Retrovision: Chime the Eff Up

This post originally appeared on 12 July 2021.

Did you take the City of El Paso’s budget survey?

It was called Chime In!, and it was available on the City’s website. The survey is closed now that the budget process has been all tied up and wrapped with a bow.

Chime In! gave you, the online spectator, the opportunity to voice your opinion on the City’s budget priorities, as long as your opinion was to spend more money. Lower taxes didn’t make it into the decision tree.

The City had already decided they were going to spend more money. They just hadn’t decided how they were going to spend it yet.

The survey let you choose between categories like Public Safety, Parks, and the City’s Visual Image. There were some options that weren’t included in the survey. Like lower taxes.

Like stop spending money we don’t have. Stop borrowing money that current and future taxpayers are going to have to pay back. Stop building city facilities that compete with El Paso businesses for the citizens’ disposable incomes. Like those water parks. Every $12 entrance fee that the city takes in at a water park is $12 the consumer won’t have to spend at a local business.

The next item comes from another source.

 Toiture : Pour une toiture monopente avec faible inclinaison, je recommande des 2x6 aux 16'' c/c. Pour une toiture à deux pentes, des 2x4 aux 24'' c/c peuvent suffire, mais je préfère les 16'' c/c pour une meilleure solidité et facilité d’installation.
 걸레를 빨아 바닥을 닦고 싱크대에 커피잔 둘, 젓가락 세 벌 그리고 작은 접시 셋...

The money that we pay in taxes is also money that we don’t have to spend at a local business.

Local government should be stimulating the local economy, but instead, they are sucking money out and leaving the local economy anemic.

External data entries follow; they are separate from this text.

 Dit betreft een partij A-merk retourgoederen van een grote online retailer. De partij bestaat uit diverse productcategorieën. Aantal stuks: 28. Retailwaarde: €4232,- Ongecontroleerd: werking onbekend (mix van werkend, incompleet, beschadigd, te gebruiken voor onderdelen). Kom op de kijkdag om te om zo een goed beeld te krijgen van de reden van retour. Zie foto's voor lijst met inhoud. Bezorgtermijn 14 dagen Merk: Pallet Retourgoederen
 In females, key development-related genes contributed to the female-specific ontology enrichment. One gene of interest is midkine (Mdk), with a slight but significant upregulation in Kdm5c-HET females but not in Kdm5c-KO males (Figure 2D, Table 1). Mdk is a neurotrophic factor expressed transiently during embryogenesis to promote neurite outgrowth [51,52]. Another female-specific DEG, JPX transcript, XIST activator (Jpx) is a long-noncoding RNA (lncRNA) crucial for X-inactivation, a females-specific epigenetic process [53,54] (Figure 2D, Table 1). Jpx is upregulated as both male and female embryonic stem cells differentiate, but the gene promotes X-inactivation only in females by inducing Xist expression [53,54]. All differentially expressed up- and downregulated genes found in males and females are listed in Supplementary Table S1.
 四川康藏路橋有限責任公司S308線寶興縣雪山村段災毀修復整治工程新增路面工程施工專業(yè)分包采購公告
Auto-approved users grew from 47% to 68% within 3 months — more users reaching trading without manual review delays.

City Council doesn’t understand that. Only a couple of our City Representatives have ever worked in the private sector, much less had to make payroll. They think that money is free. All they have to do is raise taxes. Most of our City Representatives are wards of the state, and they always have been.

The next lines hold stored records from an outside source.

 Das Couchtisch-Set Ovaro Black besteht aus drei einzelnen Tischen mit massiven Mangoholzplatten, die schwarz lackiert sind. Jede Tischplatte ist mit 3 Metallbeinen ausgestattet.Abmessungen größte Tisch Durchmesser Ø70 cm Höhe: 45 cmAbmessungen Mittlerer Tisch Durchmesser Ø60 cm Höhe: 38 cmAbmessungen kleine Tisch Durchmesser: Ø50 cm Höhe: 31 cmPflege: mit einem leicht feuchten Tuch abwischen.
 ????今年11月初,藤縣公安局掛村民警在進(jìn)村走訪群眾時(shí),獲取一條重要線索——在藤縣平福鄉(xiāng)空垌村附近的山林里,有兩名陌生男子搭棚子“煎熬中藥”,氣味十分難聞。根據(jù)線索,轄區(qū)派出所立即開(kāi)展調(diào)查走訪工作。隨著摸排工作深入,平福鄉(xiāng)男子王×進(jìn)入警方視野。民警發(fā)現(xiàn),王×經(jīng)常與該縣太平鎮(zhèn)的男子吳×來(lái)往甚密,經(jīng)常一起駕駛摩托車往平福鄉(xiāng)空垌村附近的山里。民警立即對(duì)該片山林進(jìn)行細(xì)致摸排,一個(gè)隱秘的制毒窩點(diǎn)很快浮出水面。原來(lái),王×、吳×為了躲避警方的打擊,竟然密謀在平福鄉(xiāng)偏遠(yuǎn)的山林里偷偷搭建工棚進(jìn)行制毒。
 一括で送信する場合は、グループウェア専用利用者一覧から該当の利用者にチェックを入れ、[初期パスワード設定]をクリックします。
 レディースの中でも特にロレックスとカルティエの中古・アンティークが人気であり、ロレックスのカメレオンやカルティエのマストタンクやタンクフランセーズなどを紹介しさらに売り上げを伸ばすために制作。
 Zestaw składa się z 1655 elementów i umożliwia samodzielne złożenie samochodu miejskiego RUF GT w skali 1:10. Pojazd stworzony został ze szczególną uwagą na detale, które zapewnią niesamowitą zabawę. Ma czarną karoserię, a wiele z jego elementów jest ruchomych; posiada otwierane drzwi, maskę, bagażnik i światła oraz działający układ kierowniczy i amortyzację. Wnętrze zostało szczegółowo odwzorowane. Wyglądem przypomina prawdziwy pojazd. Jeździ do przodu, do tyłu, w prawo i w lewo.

Speaking of which, District 1 Representative Peter Svarzbein and District 3 Representative Cassandra Hernandez recently explained the budget process in a guest column in the El Paso Times:

As part of the annual budget process, the City offers the public the opportunity to share their funding priorities. Feedback is gathered through our citizen surveys and our Chime In! survey process. Investments in public safety, streets, health, economic development, and quality of life consistently emerge as essential priorities. 

The Chime In! survey feedback echoes the overwhelming support voters showed for the 2019 Public Safety Bond, focused on constructing new facilities and renovating aging facilities for the El Paso Police and Fire Departments.

Not everyone wants to take the City’s survey. In an online, opt-in survey, some private interests are disproportionately represented. Like the Police and Firemen’s Unions. City employees. Contractors and developers. Real estate speculators. And then City Government uses the survey results to justify an increase in its budget and our taxes. It’s like those charrettes they used to rationalize the 2012 Quality of Life bonds. Some private interests are disproportionately represented.

The municipal government of the City of El Paso is built to spend money. There are six second-tier managers all making six figure salaries. If they’re not figuring out ways to spend money, they’re not doing their jobs. When was the last time the City came up with a plan that cost the taxpayers less than ten million dollars?

The worst part of borrowing money to pay for glitz and glamour is the debt servicing. The interest we pay on the money we borrow is all empty calories. The only thing we get from servicing the debt is poorer.

The budget process is pretty boring, and, like I said, lowering taxes wasn’t a survey option. Next year let’s put that on the menu and see what the survey says. I bet we get more participants, too.